Guns always have been a part of American life. The right to bear arms was addressed in the Second Amendment of the U.S. Constitution. But the law continues to evolve to this day, said Laurie Levenson, a professor at Loyola Law School in Los Angeles, California.

"When you arm people on the streets, the opportunities for tragic shootings like the one in the Martin case increase," Levenson said. "Having a broader law lends itself to situations where people shoot instead of pursuing non-lethal alternatives for self-defense."

The current debate over Stand Your Ground is healthy, Levenson added.

"It is good that people are starting to rethink what we have done," she said. "Given the number of guns on the street, it is important that people not use self-defense laws as an excuse for unjustifiable shootings."

A study commissioned by the National District Attorneys Association in 2007 tied the trend toward expanding self-defense laws to citizens' lack of confidence in the justice system in the wake of the September 11 terrorist attacks and Hurricane Katrina. People did not feel safe, and they did not trust their government to protect them.

But the expanded self-defense laws worry police and prosecutors, according to the study. Chief among their concerns: Could the laws lead to what the study called "an increasingly armed and trigger-happy citizenry?"

Shot 'straight in the heart'

The confrontation that would catapult two more families into the middle of the lethal force debate began as the sun dipped below the horizon in Laveen, Arizona, a suburb southwest of Phoenix.

It was April 3 -- 37 days after Martin's death in Florida. Daniel Adkins Jr. walked past Taco Bell's drive-thru just as a 22-year-old man pulled around in his SUV to pick up his order. Sitting in the passenger seat was his pregnant fiancée.

CNN is withholding the shooter's name because he has not been charged with a crime. A police report describes how the deadly confrontation unfolded.

The driver slammed on the brakes, just missing Adkins. The two men exchanged words.

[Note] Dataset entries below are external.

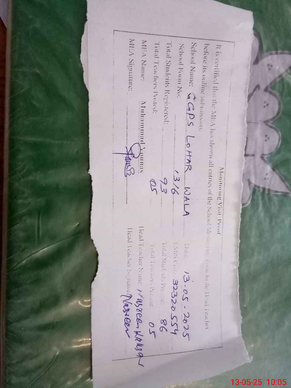| EMIS Code: 32320554 | Name of School: GGPS LOHAR WALA | |||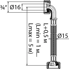 Гибкий гладкий шланг для подключения стиральной и посудомоечной машин к системе водоснабжения. Изготовлен из разработанного по особой технологии ПВХ и армированной полиамидной нити. Это обеспечивает прочность и долговечность изделия.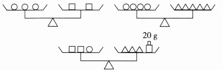 14. 推理能力 已知○、△、□分别代表不同的物体,用天平比较它们的质量,如图所示. 根据砝码显示的质量,可得○=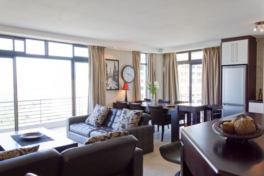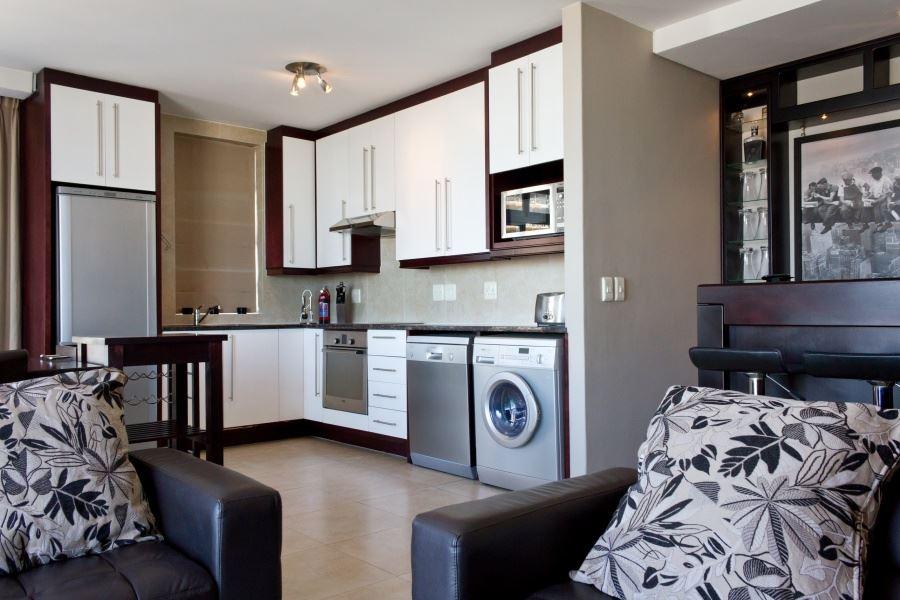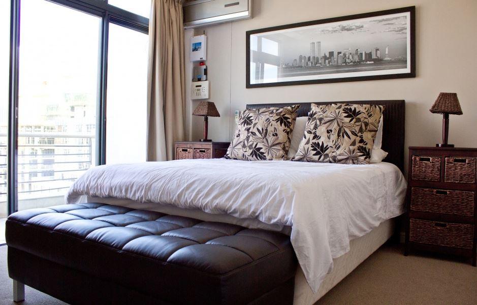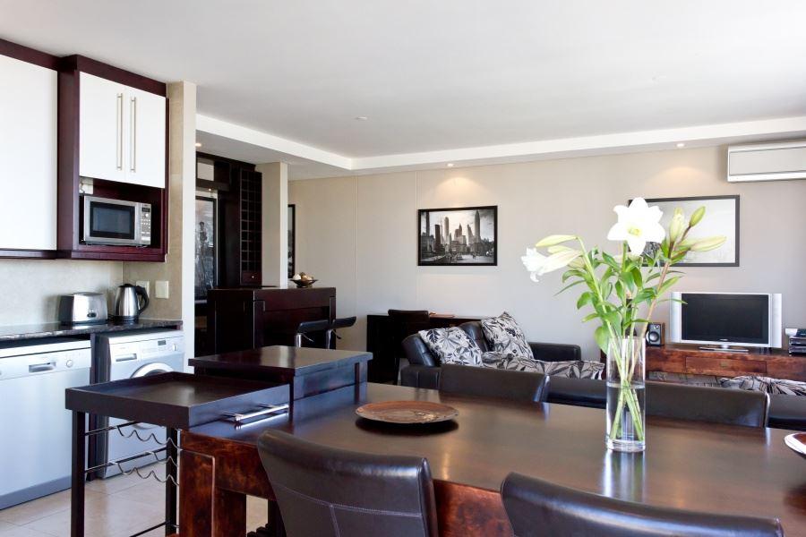 Dockside Apartment 1202 is a modern and stylish apartment situated in the heart of Cape Town’s De Waterkant area. The apartment is ideal for a couple or business traveller heading to the city. It is fully equipped for self-catering and has stunning views of the city.Located in the Dockside apartment building, this one bedroom apartment offers beautiful views of both Table Mountain and Green Point stadium. The apartment has an open-plan living area comprising a modern kitchen with a dishwasher, washing machine, stove and microwave. The living room is fully air-conditioned and has a

The shooter told police that Adkins "air swung" his hands in the direction of the SUV, but acknowledged he never hit him or his vehicle. Still, he said, he was afraid of what Adkins might do with the weapon he believed he was carrying. Although a weapon was never found, the shooter described it as a 3-foot metal pipe or bat.

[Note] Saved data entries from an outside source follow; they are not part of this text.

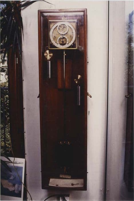 Horloge astronomique fixée par trois vis de fixation réglables et protégée par un caisson amovible à deux poignées. Le caisson est en acajou, seule sa face inférieure n'est pas vitrée. Le balancier en métal se termine par deux masses cylindriques réglables en hauteur. En bas du balancier, sur le support mural se trouve une graduation allant de 0 à 2 de part et d'autre de la verticale. L'horloge est munie de deux poids cylindriques placés de part et d'autre du balancier, et de deux remontoirs. Ces poids sont suspendus par des poulies pleines en laiton. Le mécanisme est lui-même protégé par une cage de verre percée de deux trous pour les remontoirs. Le cadran est en métal découpé, il comporte trois graduations. La principale indique les minutes de 0 à 60 en chiffres arabes de cinq en cinq. Les deux autres graduations, inscrites dans la première, indiquent pour celle du haut les secondes en chiffres arabes et pour celle du bas les heures en chiffres romains.
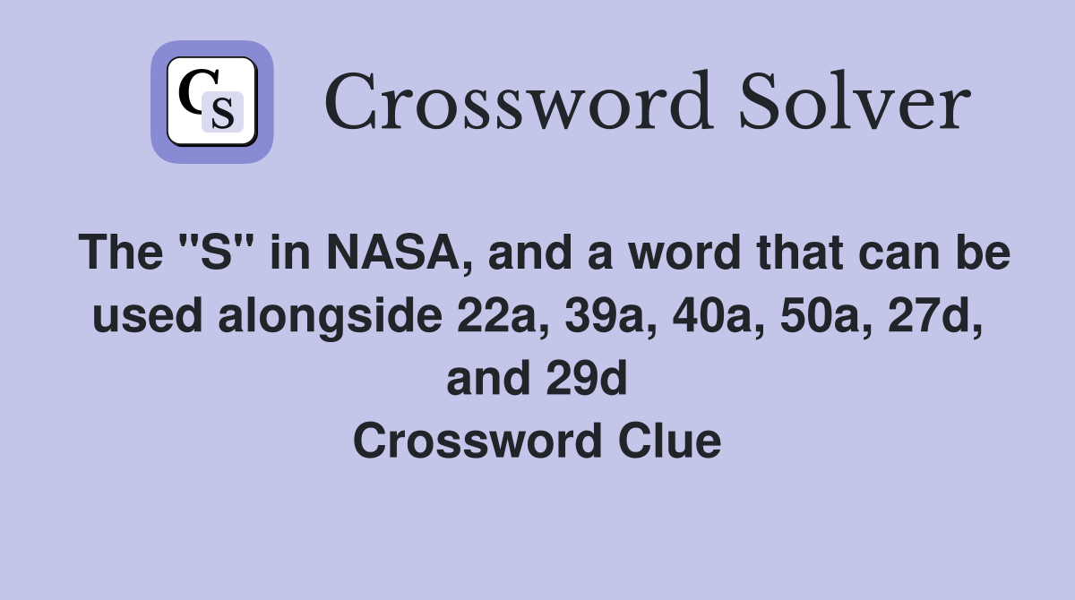 The quot S quot in NASA and a word that can be used alongside 22a 39a 40a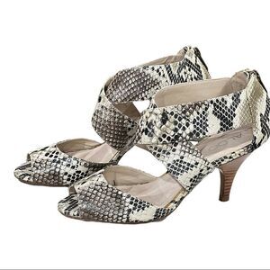 ALDO Open Toe Cris Cross Strapped Snake Embossed Kitten Heels in Size 38/7.5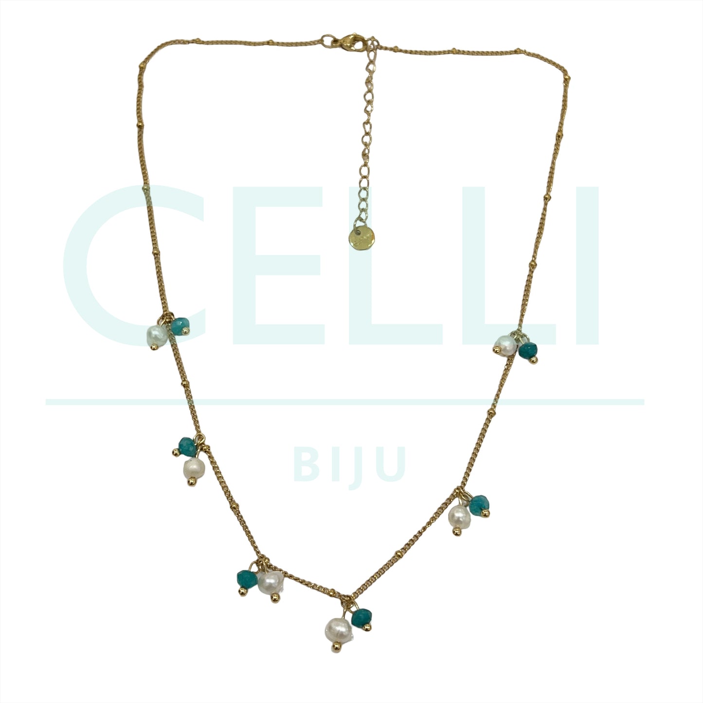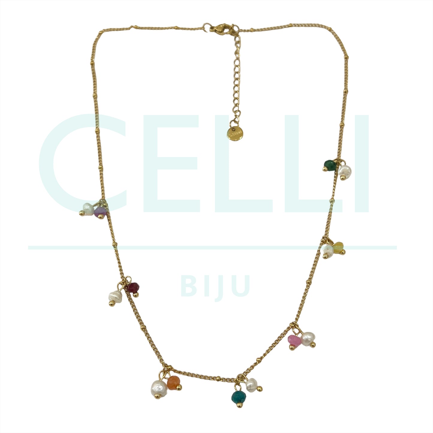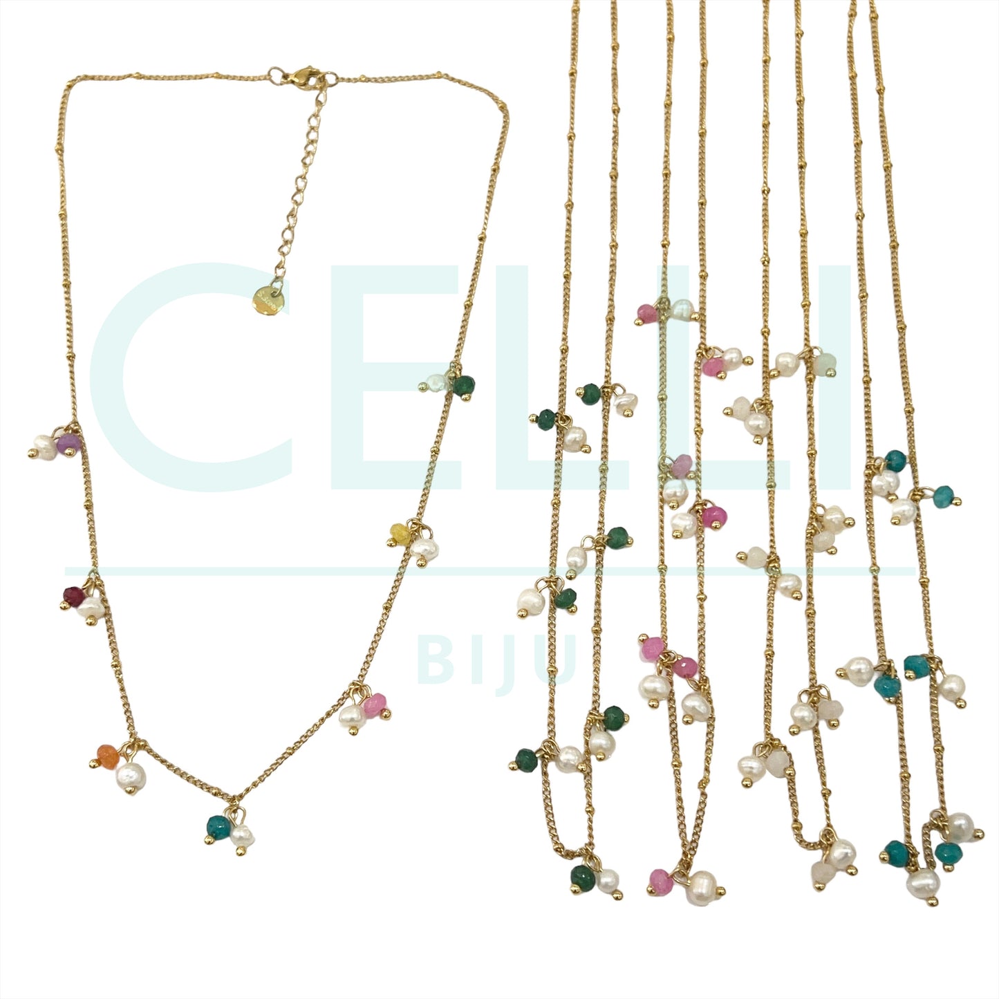 Colar de Aço com pérolas de agua doce e pedras naturais facetados

When Adkins lifted his hands in the air again, the driver drew his Smith and Wesson .40-caliber handgun from his sweatpants. He pointed the barrel at Adkins from inside his car and racked the slide of the gun, putting a bullet in the chamber. Then he pulled the trigger.

Struck in the chest, Adkins fell to the ground, face first, clutching Lady's leash. The lab stayed at her master's side, even as the life drained out of him.

The shooter pulled around to the front of the Taco Bell as his fiancée called 911.